И ведь порой в буквальном смысле: бухался на лужайку перед каменным муравейником, пялился то в хмурое, с набегающими тучами, то в расслабленное ночное небо. Я доставал сигарету одной рукой, покуда бинты другой пачкал в песке и траве. Табак сыпался из мягкой мятой пачки на грудь, затем, поддаваясь резкому выдоху, улетал куда-то на интимный юг моего тела. Поиски китайского огнива в третьем по счёту кармане обычно увенчивались успехом, чего не скажешь о высекании искры. Скрежет металла о пружину, когда кремень куда-то исчезал, говорил о прошедшей неделе больше, чем телеграфная ленточка календаря. Я много курил и много думал. Желтый запах между средним и указательным пальцем будто опережал надвигавшуюся осень – в природе, в организме. Сон от никотина, сонливость от недостатка ультрафиолета. Однажды я решил взбодриться прыжком с третьего этажа, когда делал окна в квартире достаточно прозрачными для света. Не могу сказать, что наводил чистоту по соображению. Вряд ли шаг в глубину улицы тоже был осмысленным. Но сломанную руку пошел лечить в чётко осознанном направлении госпиталя. Бодрость от боли ни с чем не сравнится…

«Дурацкий поступок», - скажете вы. Да, пожалуй. Не судьбоносный, не геройский, не оригинальный. Сломанная рука при моем образе жизни скитающегося по подработкам непрофессионала значила только определенное неудобство в быту. И если засыпать под телевизор на правом боку было невозможно, то на работе это уже никак не отражалось. Да, не музыкант, не футболист, не токарь, не программист. Дурацкий поступок, конечно.

Летом валясь на траву, зимой – на снег, я не присматривался к предполагаемому месту приземления. И ведь здесь была определенная логика. Весь тот хлам, что прикрывал несовершенное тело, был фактически одноразовым, - хотя цена и заявляла об обратном. А порезы, шишки и синяки на следующее утро говорили о моей верности ночной традиции. Стабильность греха и падения порождала туманную возможность наказания.

Однако чаще всего трава была шелковой, а снег – мягким. И я лежал на стынущей земле, раскинув руки, как будто обозначал крестом место падения высшей благодати, а небо подыгрывало мне и вливало в обмякшее тело свет ангельской силы, – круговорот божественного и демонического в человеке!

Естественно, что демоны далеко не убегали. Они возвращались и просили добавки в виде никотина и пошлых мыслей. Далее я следовал как бы блок-схеме, и опция «покурить» зависела от наличия сигарет, затем кремня в зажигалке, ну и где-то в последнюю очередь маячили занятные перспективы обеспокоить просьбой случайного прохожего. Или прохожую.

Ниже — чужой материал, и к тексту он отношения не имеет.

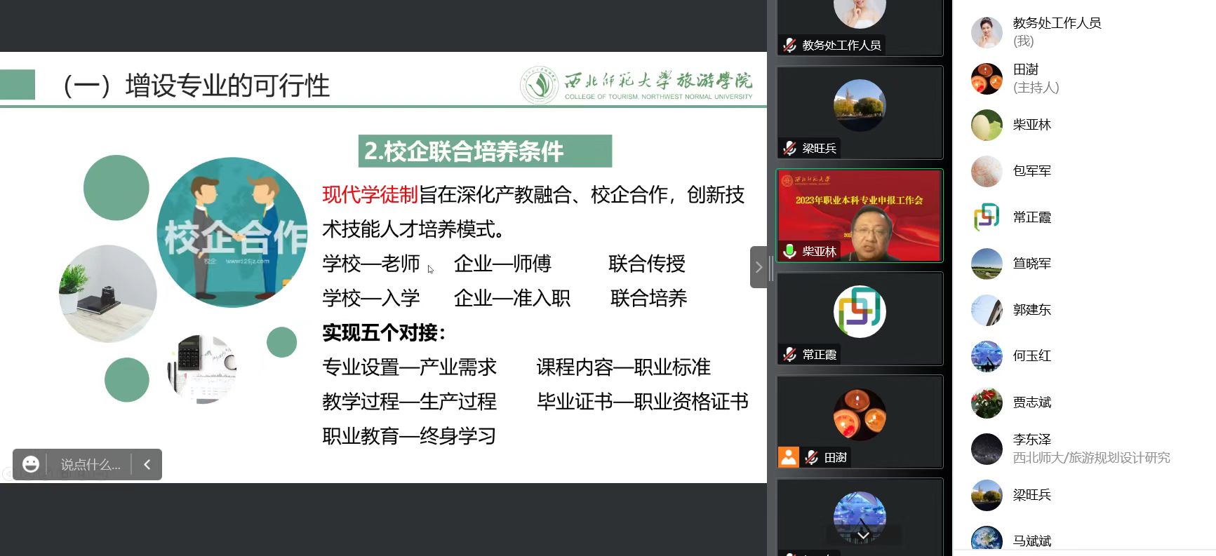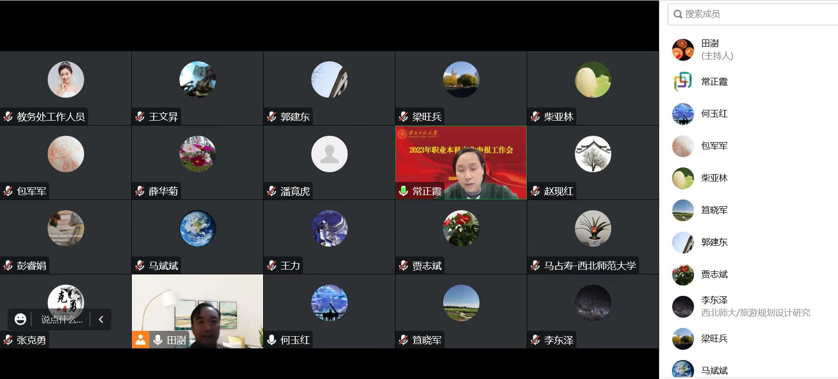2022年12月12日至13日,普通本科学校试办职业本科旅游规划与设计专业设置论证会在线上顺利召开。副校长田澍教授主持会议,校外评审专家河南财经政法大学旅游与会展学院院长赵现红教授、青海师范大学经济管理学院副院长薛华菊教授、中国城市发展研究院有限公司西北研究院院长笪晓军正高级经济师以及校内评审专家教务处处长何玉红教授、人事处王文昇处长、招生就业处郭建东处长、发展规划与学科建设处张克勇处长、国有资产管理处贾志斌处长、继续教育学院常正霞院长参加评审,教务处副处长潘竟虎教授、304am永利集团官网院长梁旺兵教授、继续教育学院马占寿副院长、财务处刘纪良科长与赵玲主任等列席会议,304am永利集团官网副院长柴亚林副教授汇报专业设置情况。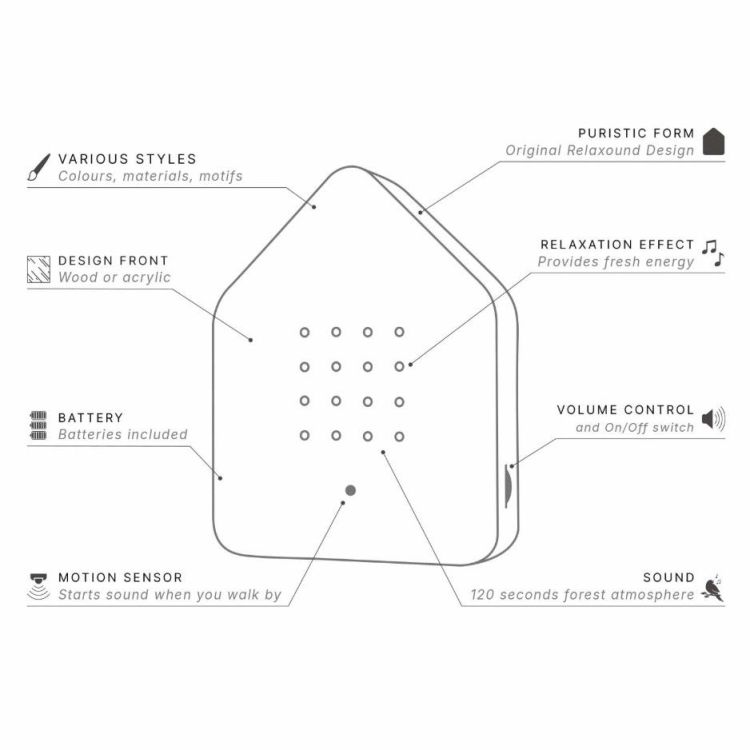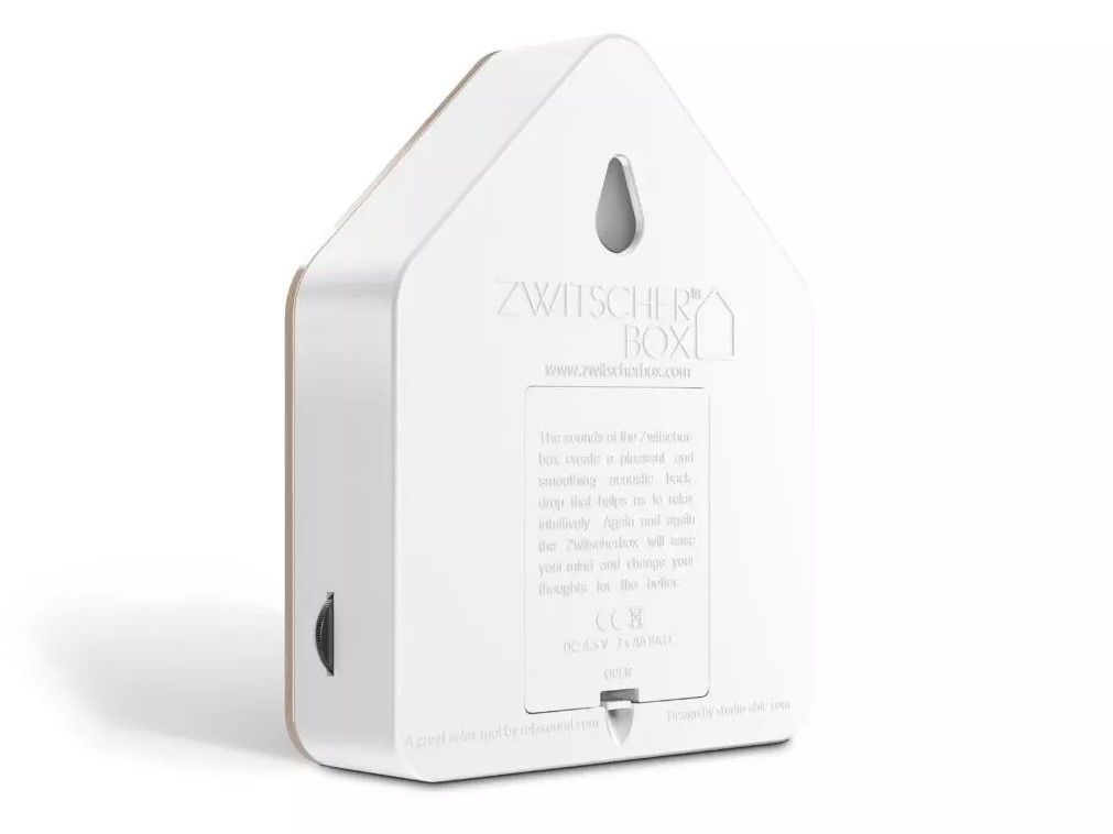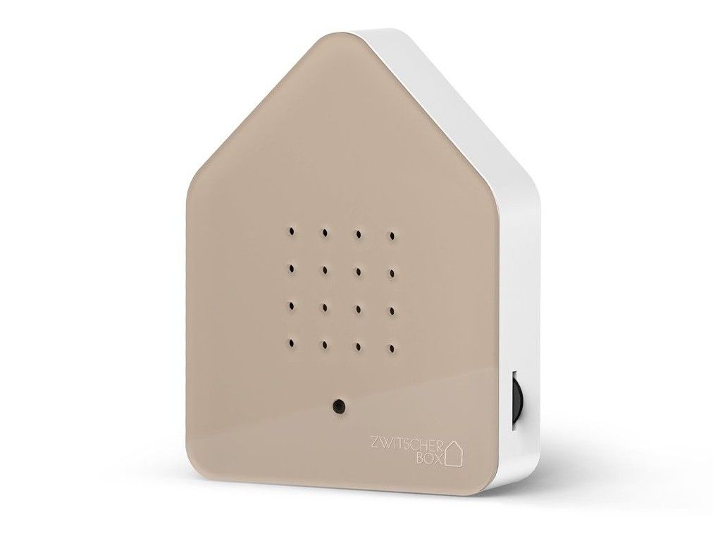 De Zwitscherbox is een decoratief item dat reageert op beweging, van zodra er iets van verandering is volgt er een rustgevend vogelconcert.

Так хочется начать абзац словами «в тот памятный вечер…», но уж очень банально и всё-таки лживо, поскольку даже тысяча авторов не упомнила бы деталей ночной встречи, будучи в состоянии, аналогичном моему. Вытянутая в ширину картинка по привычке улыбалась стремившимся навстречу асфальтом, фонари оставляли желтые шлейфы при резких поворотах головы, широкий зигзагообразный шаг был как у матроса, давно не видевшего берега и попавшего после жестокого шторма – да не в тот порт. В очередной раз я употребил так много разбавленного льдом виски, чтобы почувствовать самоотвращение. И адское, отдающее инфернальной серой, желание закурить.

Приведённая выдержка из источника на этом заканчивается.